MFA determinations in areas in which the faculty has primary responsibility would be communicated to the Vice President for Academic Affairs (AVP) (or, in certain instances indicated below, another Vice President) for consideration. If the AVP decides to take a course of action different from that recommended by the MFA or one of its committees, the AVP would be required first to make herself available to explain the reason for the contrary decision to the MFA or its appropriate committee, providing an opportunity for discussion so that the MFA or such committee could raise additional issues that the AVP may not have considered. As shared governance matures and there is meaningful consultation throughout the process, such instances are expected to become the exception rather than the norm.

In addition, the MFA would also make recommendations to the AVP and the President regarding academic issues of concern to the McNichols faculty as a whole, including issues related to the protection of academic freedom as well as major reorganizations that cut across multiple schools or colleges on the McNichols campus. The MFA would also have the authority to review proposals for new degree programs or new majors, with the MFA recommendation to the AVP to be made according to a stringent timeline that requires expeditious review. While the MFA would be required to have the committees described below, it would also be able to establish additional committees or task forces of McNichols faculty members to advise the MFA on various issues or to develop ideas for the MFA. While the Tenure and Promotion Committee would not report to the MFA, the MFA would have the authority to explore and make recommendations regarding broader academic issues regarding tenure, such as common baseline criteria, investigation of tenure and promotion systems at other universities, etc. The MFA would also participate in a 360-degree evaluation system to be established by the university administration for review of non-academic programs.

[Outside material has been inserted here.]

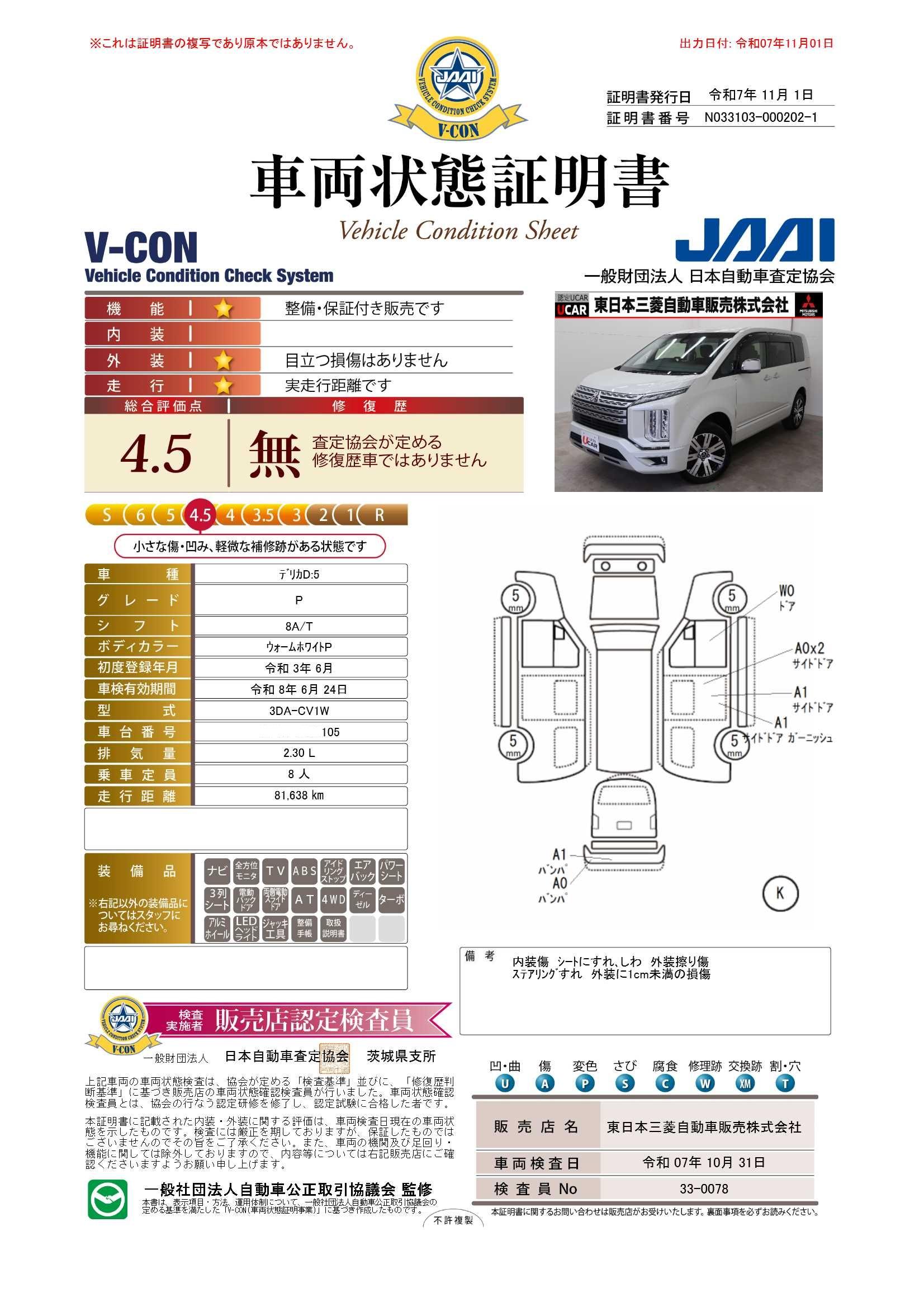 [保証付]:12ヶ月・走行無制限 1年間(走行距離無制限)の三菱ダイヤモンド保証付きです。保証期間を最長3年まで延長することのできる『延長保証』もご用意しております♪ |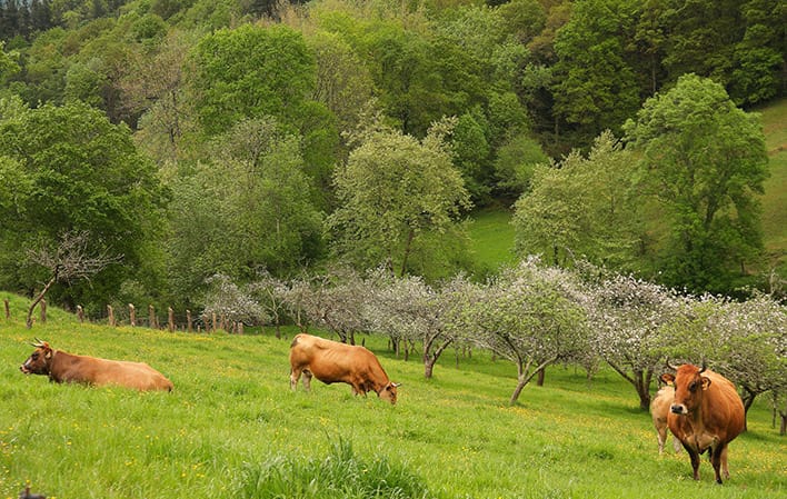 Surrounded by hórreos and paneras, a distinctive feature of Sietes that speaks of the agricultural character of the village, we begin our route in the direction of Covadonga. The descent towards the valley of Borines takes us through the interior of ancient oak and chestnut groves and then opens up at the bottom of this fertile valley watered by the river of the same name.

Second, as indicated above, a series of McNichols faculty committees will be created to address important crosscutting undergraduate and graduate academic concerns. As a general matter, these committees will report to the broader MFA regarding their deliberations. They will also be able to make recommendations directly to administrators where appropriate.

Third, a series of university-wide teams would be created to provide meaningful input and advice into administrative decisions (such as strategic planning, budgeting, etc.) as they impact university-wide academic concerns. In order to take advantage of the expertise available, these teams will include representation from all the university's campuses. These teams would also provide a mechanism for the sharing of information in these areas with the university community as a whole. This structure will encourage the sharing of information in manifold directions without hampering the need to make important decisions in an expeditious fashion. While university administrators may receive a wide range of formal and informal advice from these teams, if an administrator acts contrary to a formal recommendation of a team, the administrator will make him/herself available to explain to the team the reason for the contrary action.

In certain circumstances, some of these teams will also be responsible for actual implementation as well as involvement in policymaking. For example, a team would focus on identifying and implementing dramatic improvements in the university's role as a leading urban institution with a commitment to social justice. An entrepreneurial team would provide faculty and other members of the university community with the support and advice needed to develop their own entrepreneurial ideas for addressing enrollment issues.

Fourth, on occasion, task forces would be created to help the university address specific pressing problems. The initial such task force would focus on development of an undergraduate core curriculum.

In summary, teams operate on a university-wide level; committees operate on the McNichols campus; and task forces deal with short-term specific issues.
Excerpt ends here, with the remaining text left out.